Banished from his native country and without any resource, Diogenes was reduced to great indigence. He perceived one day, a mouse running briskly up and down, without any fear of being surprised by the approach of night, without any anxiety about a lodging-place, and even without thinking of food. This reconciled him to his misery. He resolved to live at his ease, without constraint, and to dispense with everything which was not absolutely necessary for the preservation of life. He doubled his cloak, that by rolling himself up in it, it might serve the purposes both of a bed and of a coverlet. His movables consisted of a bag, a jug, and a staff; and wherever he went he always carried his furniture along with him. His stick, however, he used only when he went to the country, or on some emergency. Persons really lame were, he said, neither the deaf nor the blind, but those who had no bag.

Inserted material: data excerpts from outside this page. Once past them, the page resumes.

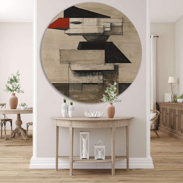 Kubistische Vogel in Zwart-Wit en Rood forex muurcirkel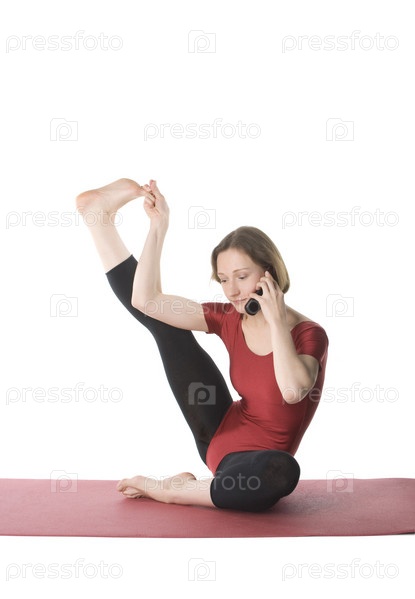 Женщина занимается спортом и говорит по телефону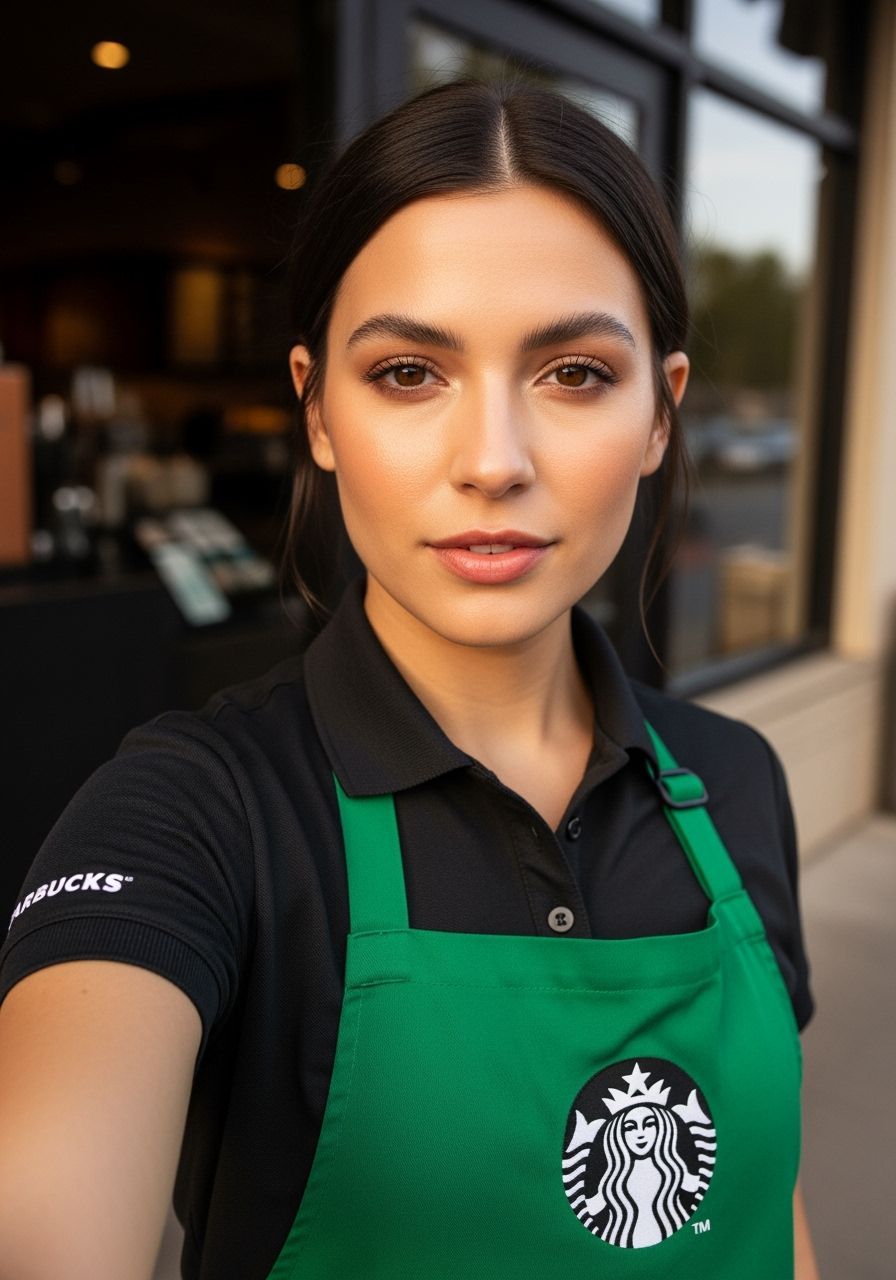 This image shows a Starbucks barista taking a selfie. She has brunette hair, natural makeup, and wears the iconic green Starbucks apron with a black polo shirt. The photo is bathed in soft, warm light.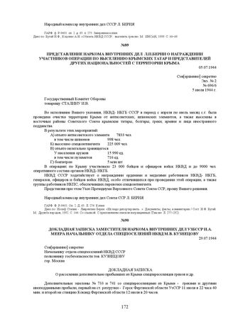 Главная Республики, области и города СССР в годы Великой Отечественной войны Крым, 1944 Докладная записка заместителя наркома внутренних дел УзбССР И.А. Ме...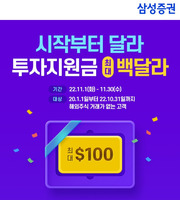 삼성증권은 신규 고객과 지난 2020년부터 삼성증권에서 해외주식 거래 경험이 없었던 고객을 대상으로 최대 100달러를 지원하는 이벤트를 이달 말까지 진행한다고 11일 밝혔다. 우선적으로 대상 고객들에게 투자지원금 20달러를 지급하고, 이후 온라인 해외주식 거래금액에 따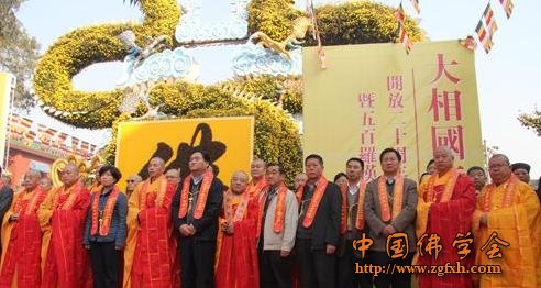 中国佛教协会副会长、河南省佛教协会会长、少林寺方丈永信大和尚;中国佛教协会副秘书长、河南省佛教协会副会长、洛阳白马寺方丈印乐大和尚;中国佛教协会常务理事、河南省佛教协会副会长、河南省开封市大相国寺方丈心广大和尚,以及来自部分省市诸山长老,大德高僧及四众弟子等参加了庆典活动。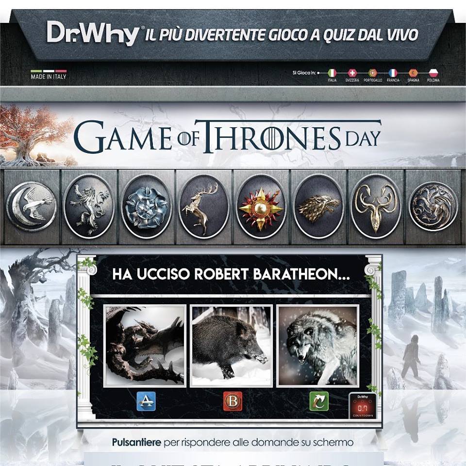 Venerdì 20 luglio Dr. Why Gargano presenta una serata speciale dedicata a tutti gli appassionati di Game of Thrones, che potranno sfidarsi e mettersi alla prova su quello che è, senza dubbio, uno dei più grandi successi degli ultimi anni!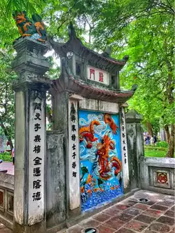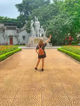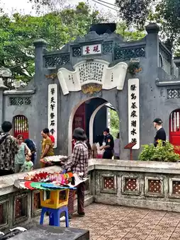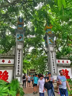 Walked around the Hoan Kiem Lake and saw lots of scenic spots~the entrance to Jade Islet where the Huc Bridge and the Ngoc Son Temple is located and beautiful bushes of flowers with a statue depicting peace as well as local people just doing their thing.So much nature around to appreciate, great spot for everyone to relax, walk, and eat👍
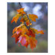 Titta noga på några röda löv och orangar med suddig bakgrund.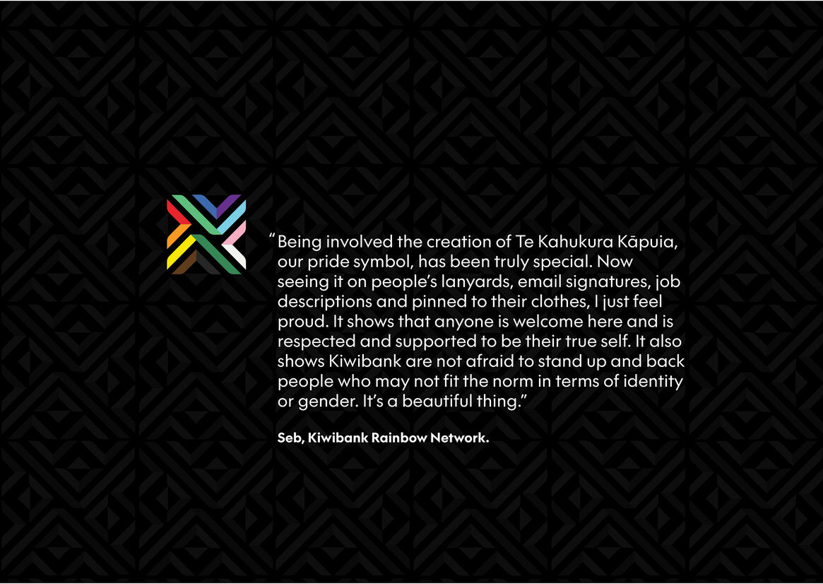 “Being involved the creation of Te Kahukura Kāpuia, our pride symbol, has been truly special. Now seeing it on people’s lanyards, email signatures, job descriptions and pinned to their clothes, I just feel proud. It shows that anyone is welcome here and is respected and supported to be their true self. It also shows Kiwibank are not afraid to stand up and back people who may not fit the norm in terms of identity or gender. It’s a beautiful thing.” Seb, Kiwibank Rainbow Network.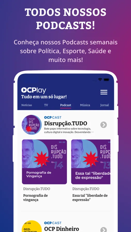 O aplicativo OCPlay é ideal para você que quer ficar bem informado com as principais notícias da Rede OCP.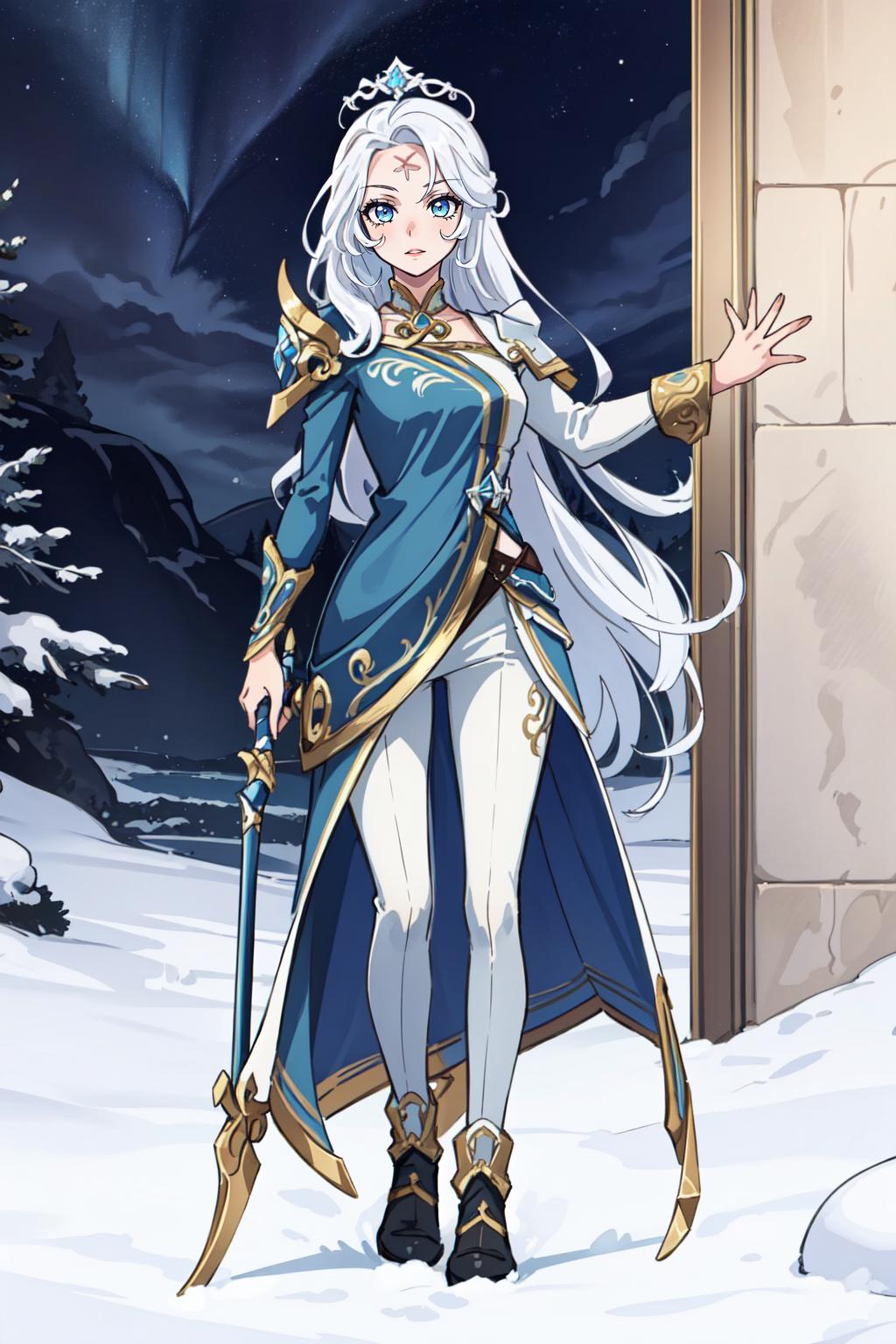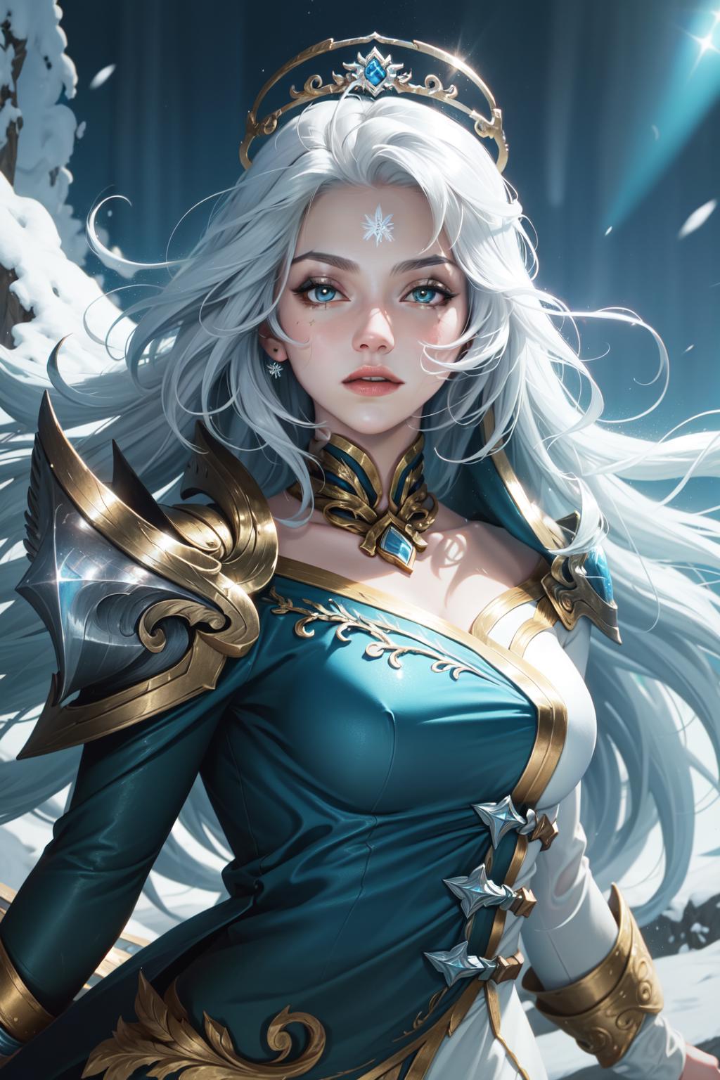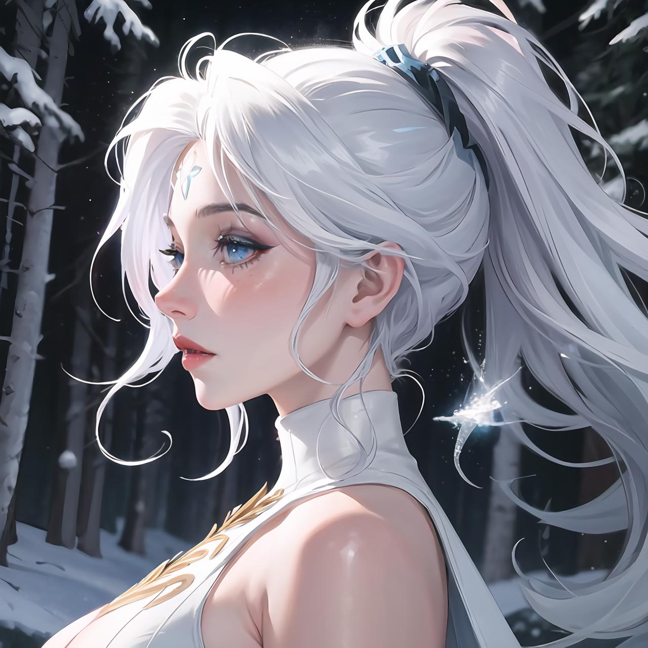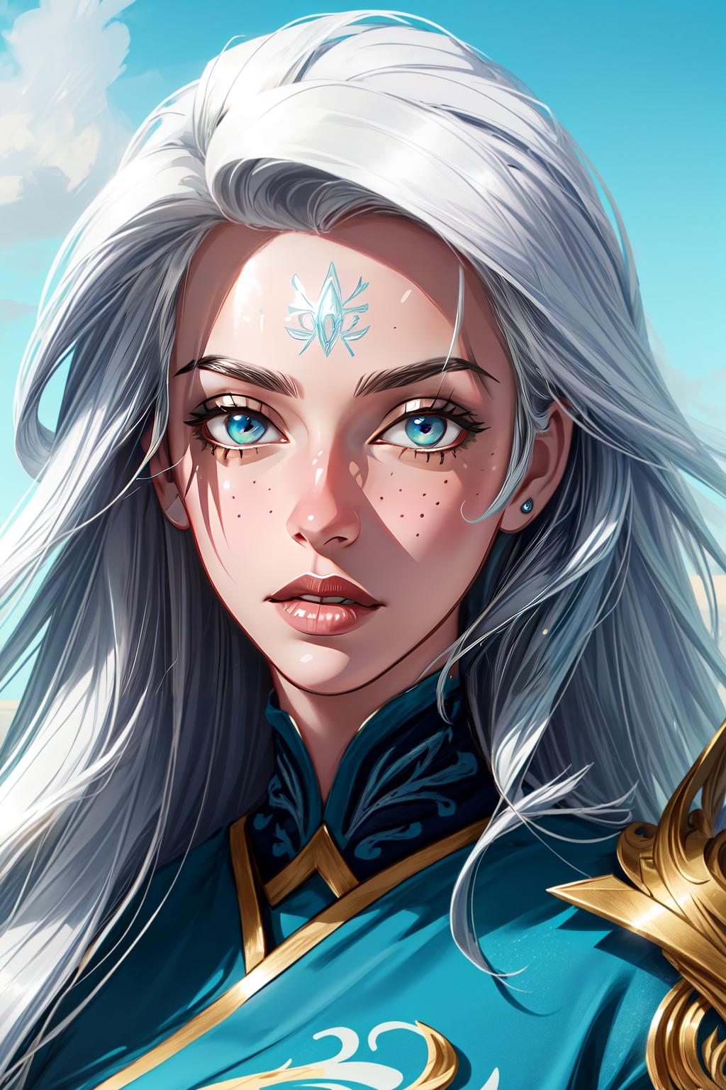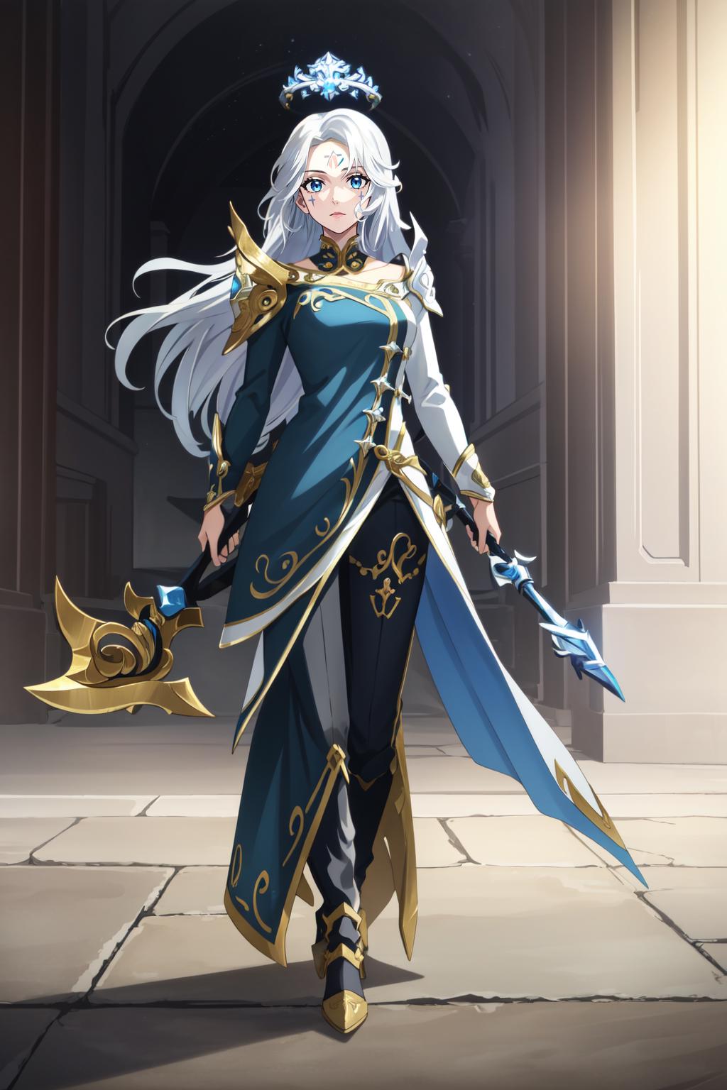 optional tags: dress, pauldrons, long hair, white hair, forehead mark

He always went barefoot, nor did he wear sandals even when the ground was covered with snow. He endeavored also to accustom himself to eat raw flesh, but this was a point of perfection to which he never could arrive. He entreated a person of his acquaintance to afford him some little hole in his lodging, to which he might occasionally retire. But as he was dilatory in giving him a positive answer he took possession of an earthen tub, which he always carried about with him, and which was the only house he ever had. In the heat of summer when the fields were scorched by the sun, he used to roll among the burning sands, and in winter to embrace statues covered with snow, that he might accustom himself to endure without pain the inclemencies of heat and cold.

He treated everyone with contempt. He accused Plato and his scholars of dissipation, and of the crime of loving good cheer. All the orators he styled "the slaves of the people." Crowns were, he said, as brittle marks of glory as bubbles of water, which burst in the formation; that theatrical representations were the wonder of fools only. In a word, nothing escaped his satiric humor.